Art. ART. 1ER A • 07/05/2026 EN_TRAITEMENT
EPR

Exposé des motifs

La loi n° 2022‑296 du 2 mars 2022 visant à démocratiser le sport en France a constitué une avancée importante en prévoyant la représentation des sportifs de haut niveau au sein des instances dirigeantes des fédérations sportives. Cependant, cette représentation est demeurée en grande partie consultative, sans que les sportifs et entraîneurs professionnels disposent d’une véritable capacité de décision sur les sujets qui les concernent directement.

Or, les fédérations délégataires prennent des décisions majeures affectant le quotidien des sportifs professionnels : calendriers de compétition, conditions de mise à disposition pour les équipes nationales, règlements disciplinaires, conditions d’exercice de la profession. Il est paradoxal que ces décisions soient arrêtées sans que ceux qui en subissent les effets les plus immédiats puissent y prendre part de manière délibérative.

Le présent amendement propose en conséquence d’accorder une voix délibérative aux représentants des sportifs professionnels et aux représentants des entraîneurs professionnels au sein des instances dirigeantes des fédérations ayant constitué une ligue professionnelle. La désignation de ces représentants s’effectuerait par leurs organisations représentatives, dans des conditions précisées par décret en Conseil d’État, garantissant une mise en œuvre adaptée aux spécificités de chaque discipline et préservant l’équilibre des instances fédérales.

Cette mesure s’inscrit dans la continuité de l’esprit de la loi du 2 mars 2022, tout en en comblant une lacune persistante : la participation sans pouvoir ne garantit pas l’effectivité de la représentation.

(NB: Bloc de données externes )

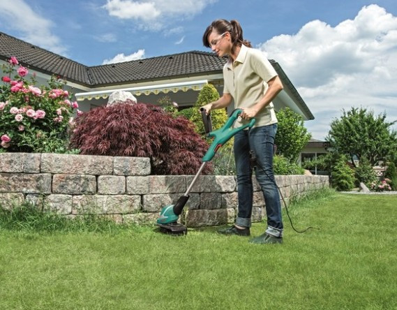 Zahvaljujoč za 90° vrtljivi glavi boste lahk robove trate uredili še bolj natančno. Glavo zavrtite s pritiskom enega gumba.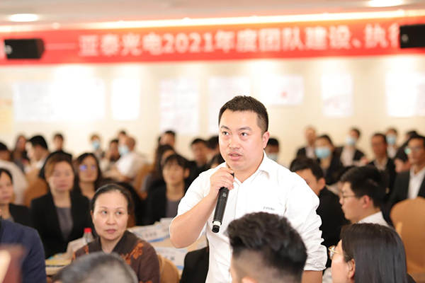 2021年12月10-11日為期兩天的亞泰光電2021年度全員團(tuán)隊(duì)管理、執(zhí)行力培訓(xùn)圓滿結(jié)束。本次培訓(xùn)邀請了廣東國元企業(yè)管理有限公司創(chuàng)始人李國林和尹冬元老師現(xiàn)場授課,公司領(lǐng)導(dǎo)及全體員工參加了本次活動(dòng)。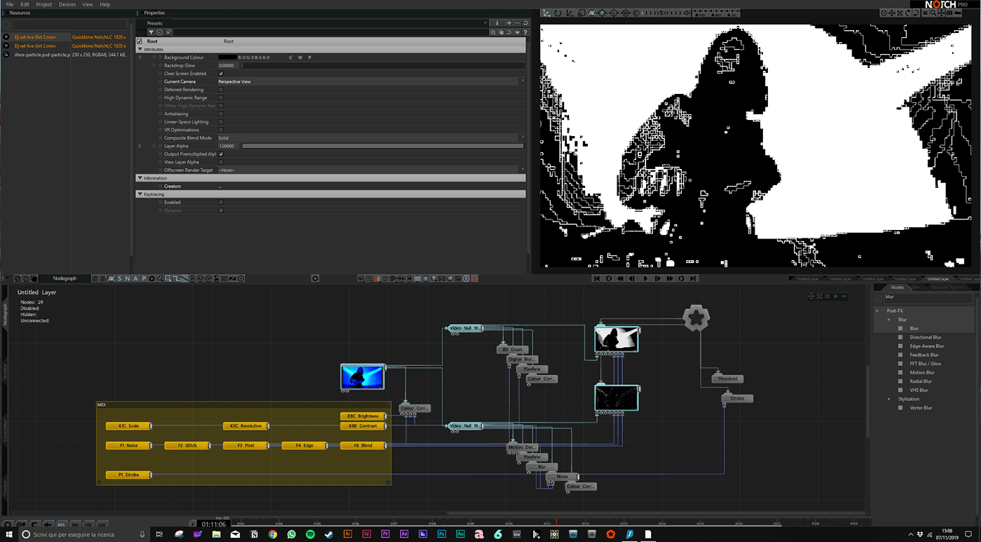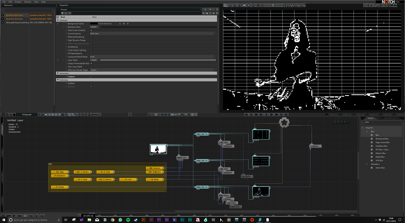 For this project I designed some video effects for the camera live, using Notch Builder, for the Club to Club music festival in Torino, November 2019. I prepared a series of filters that interact with the camera, modifying the video in output; I did seven patches, which were then used during the live DJ sets with a Launch Control XL midi controller.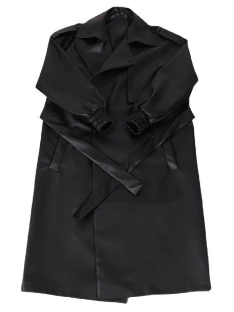 Mauroicardi Spring Autumn Long Black Oversized Faux Leather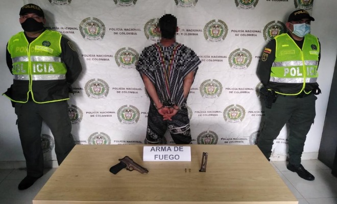 El segundo caso se presentó sobre la media noche en la calle 8 con carrera 5 sector parque principal del municipio de Ambalema, lugar donde personal del cuadrante logró la captura en flagrancia de un sujeto, a quien mediante registro e identificación a persona se le incauto 01 arma de fuego tipo Pistola de fabricación artesanal calibre 22 con 01 proveedor y 02 cartuchos para la misma, avaluado en cerca de $1.000.000, sin permiso para porte o tenencia, siendo dejados a disposición de la Fiscalía 65 local de Venadillo, por el delito de fabricación, trafico, porte o tenencia de armas de fuego accesorios partes o municiones.

Cet amendement a été travaillé avec la Ligue nationale de basket-ball.

Dispositif

I. – À l’alinéa 8, substituer aux mots :

« un alinéa ainsi rédigé »

les mots :

« deux alinéas ainsi rédigés ».

II. – En conséquence, compléter cet article par l’alinéa suivant :

« Les représentants des sportifs et entraîneurs professionnels des fédérations ayant créé une ligue professionnelle dans les conditions prévues par le premier alinéa de l’article L. 132‑1, participent, sur désignation de leurs organisations représentatives, aux instances dirigeantes de la fédération délégataire avec voix délibérative, dans des conditions fixées par un décret en Conseil d’État. »

Art. ART. 9 • 07/05/2026 EN_TRAITEMENT
EPR

Exposé des motifs

Les transactions impliquant des agents sportifs font preuve d'une sophistication croissante qui appelle une vigilance renforcée des instances de régulation. Le recours à des sociétés interposées, à des structures établies à l'étranger, à des montages financiers multi-entités ou à des flux entre personnes liées économiquement peut avoir pour effet de rendre opaques des rémunérations qui devraient être déclarées et contrôlables. L'Autorité de régulation des jeux et l'UEFA ont, à maintes reprises, mis en évidence l'ampleur de ces pratiques au niveau européen.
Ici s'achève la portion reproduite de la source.